I caught one of these tours on a recent, gorgeous Saturday afternoon in northeast Ohio. There are nearly 30 passengers on the bus, including a couple of real estate agents, a home inspector and a mortgage broker.

After hearing about similar tours in other parts of the country, the staffers at RE/MAX Crossroads decided to try one here in Cleveland's western suburbs. They rented the bus, brought lunch and scheduled appointments to view houses in different states of foreclosure.

Over the bus loudspeaker, RE/MAX Crossroads mortgage broker Pat Furey welcomes riders on the "foreclosure bus."

"We're going to see properties today from $117,500 to $270,000," Furey says. "So that just makes us aware that foreclosure doesn't affect just one segment or another -- it's across the board."
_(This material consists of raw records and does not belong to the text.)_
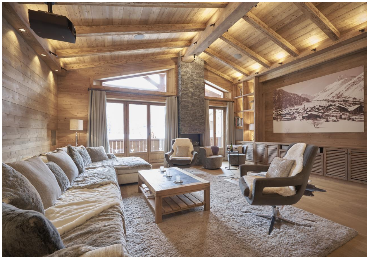
Fabulous vaulted sitting room in Choucas Penthouse

Available to book: 'Scatered', Self-Catered or B&B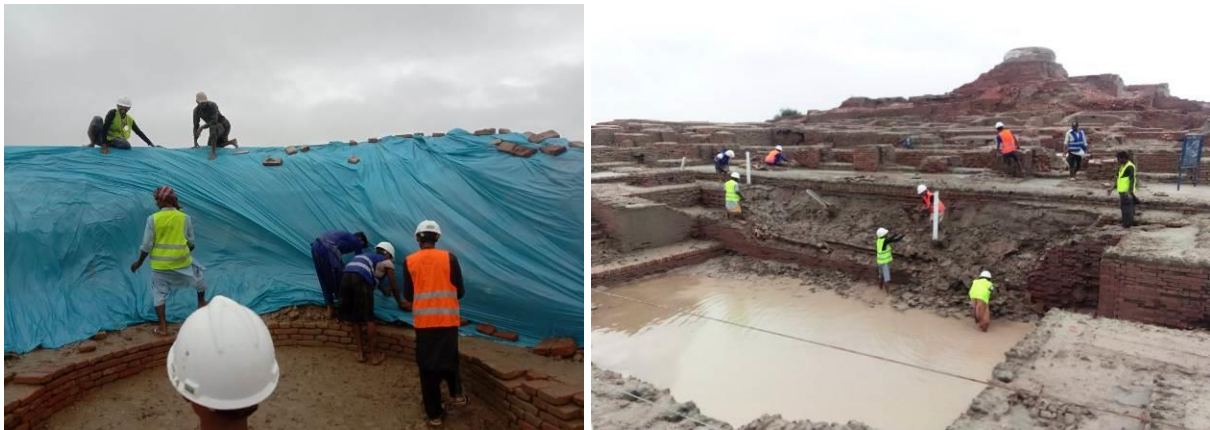
Left, installing tarpaulin on top of the stupa; Right, the Great bath when flooded

However, what appeared to have been sufficient in terms of monsoon preparedness until this year was unfortunately only partially efficient under such exceptional rainfall. Very concerned by the situation, the Antiquities staffs were mobilized to do their best to protect what could be, even if their own houses were being flooded by that time. It is an effort important to acknowledge. That included setting of tarpaulin on the top of the stupa, pumping water (even at night) in flooded rooms, repair of drainage canals, etc.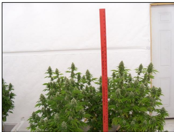
Grow Day 56 6/22/13 – Avg Height 33"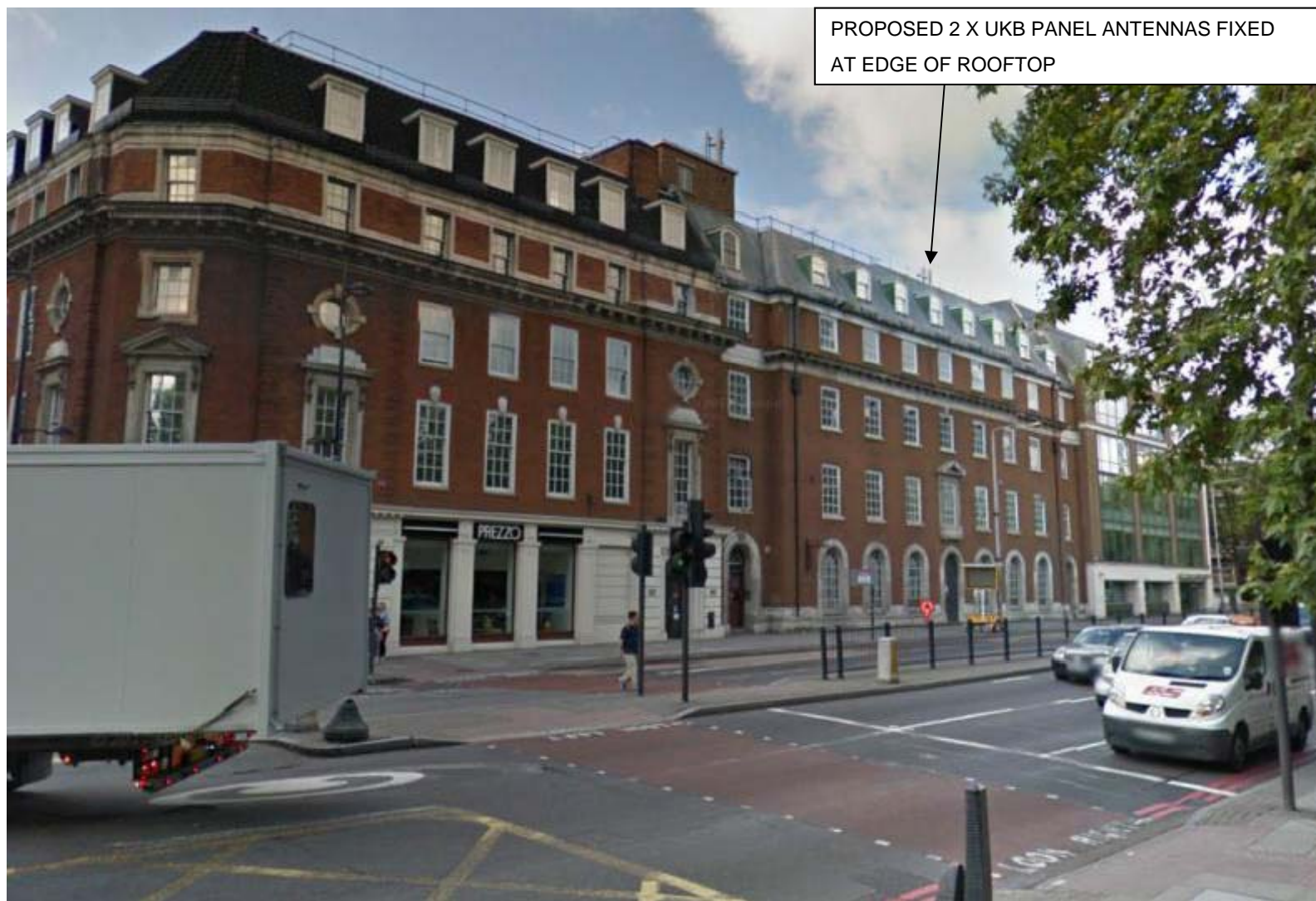
4:EUSTON ROAD LOOKING SOUTH WEST – PROPOSED.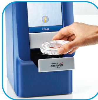
2 Insert rotor.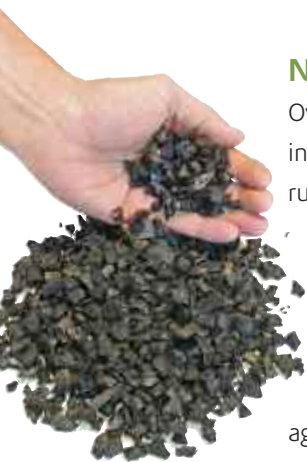
Scrap tires are processed into crumb rubber.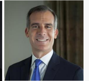
ERIC GARCETTI (CHAIR) Mayor of Los Angeles, CA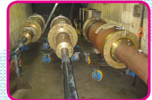
275kV Transition Joints - Terna Rome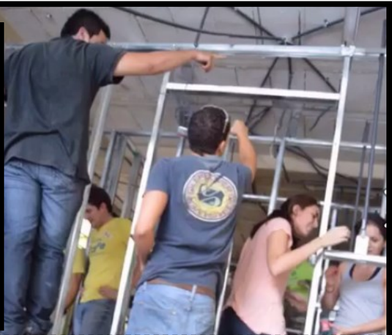
Centro de Restauración Guadalupe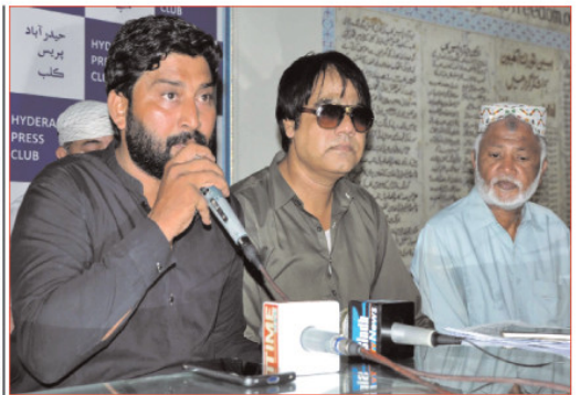
HYDERABAD: Residents of SITE area are addressing a press conference at the Hyderabad press club for the provision of justice-RT

KUMB: On the 18th of Dhulhaj, in celebration of Eid Ghadir, the Shia community of Kotdiji organized a grand rally that commenced from Masjid Ali al-Murtaza in Kot Bungalow. The rally, which witnessed the participation of thousands of devotees, expressed their deep love and reverence for Hazrat Imam Ali (AS). As the rally made its way through the Shahi Bazaar, Kotdiji, a spirit of devotion and collective joy, making it a memorable event for all attendees.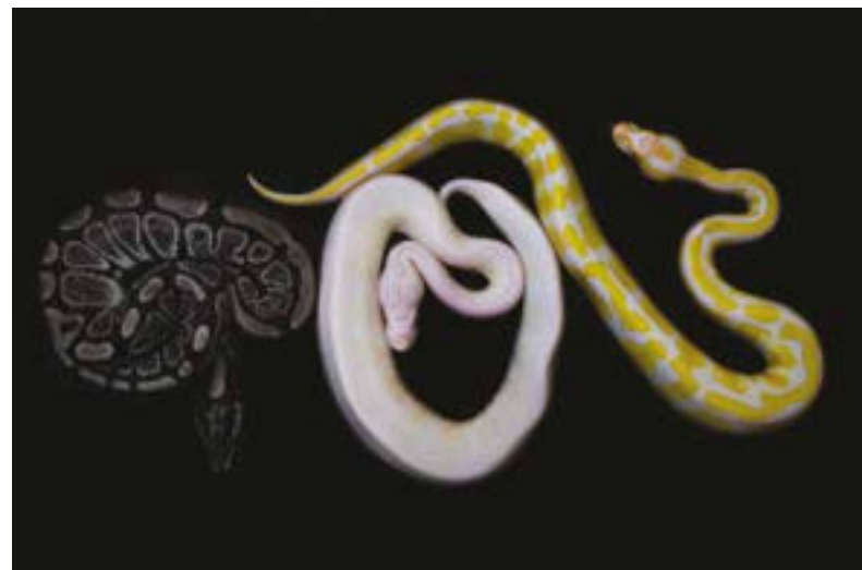
Photo above: Ball python designer morphs on display at a pet expo, Memphis, USA.

A “designer morph” Ball python is the creation of a breeder who has combined two or more “wild morphs” to create something never seen in nature. 91 Some breeders view wild-sourced Ball pythons from Africa as potentially valuable new genetic “stock” that can aid them in their efforts.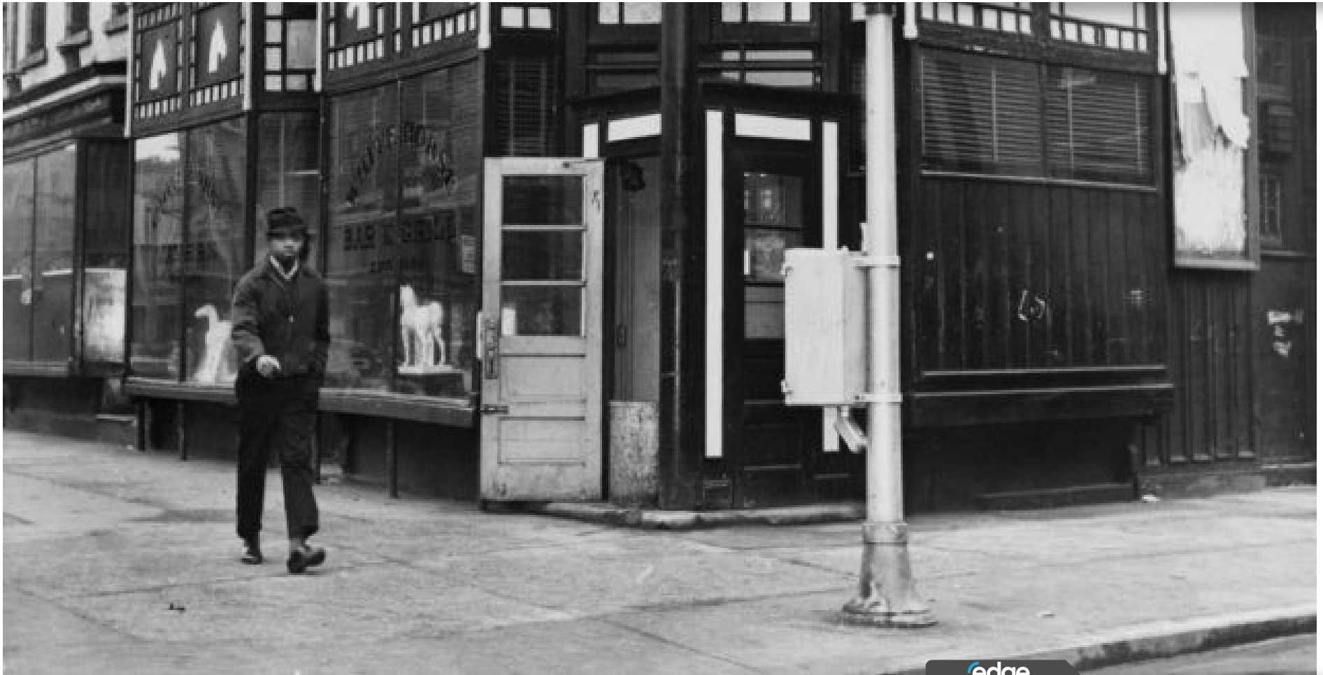
The White Horse Tavern in 1961.

This paper's investigation thus far seems to trace all this back to an upcoming application for a new liquor-license application for the White Horse Tavern by Eytan Sugarman. The item appears on the Community Board 2 calendar for its March 14 Liquor Licensing Committee 2 meeting.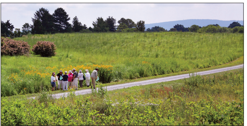
The facility offers many workshops, such as this one on pollinators.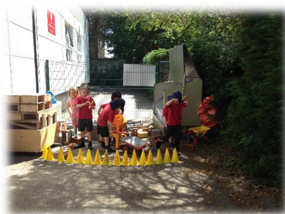
Busy construction site at The Heights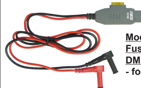
Model 303B Fuse Buddy DMM Adapter - for ATC fuse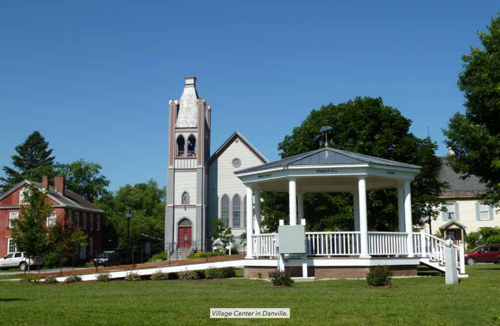
Village Center in Danville.

Shopping for a foreclosed house is not for the faint of heart. One house stinks of mold and damp, and many of these prospective home buyers don't even enter. At another, we trudge through thick leaves that have yet to be raked off the driveway of a bank-owned ranch-style house.

Inside, wires hang from ceilings, the light fixtures long gone. Pink antifreeze fills the toilets to keep the pipes from freezing in Cleveland winters. The power is out so it's hard to see what's downstairs.

There's something weird about walking through houses the former owners have lost for financial reasons. But prospective buyer Mary Anne Mosack says what she likes is that the trip seems focused more on solving the problem.

"I think someone described this as 'the tour of tears,' which is a sad way to put it," Mosack says. "You don't want to capitalize or be predatory on someone else's loss. But at the same time, it's a property that's already been lost, and I'm sure the people in this neighborhood want someone who can keep the property up and make the payments."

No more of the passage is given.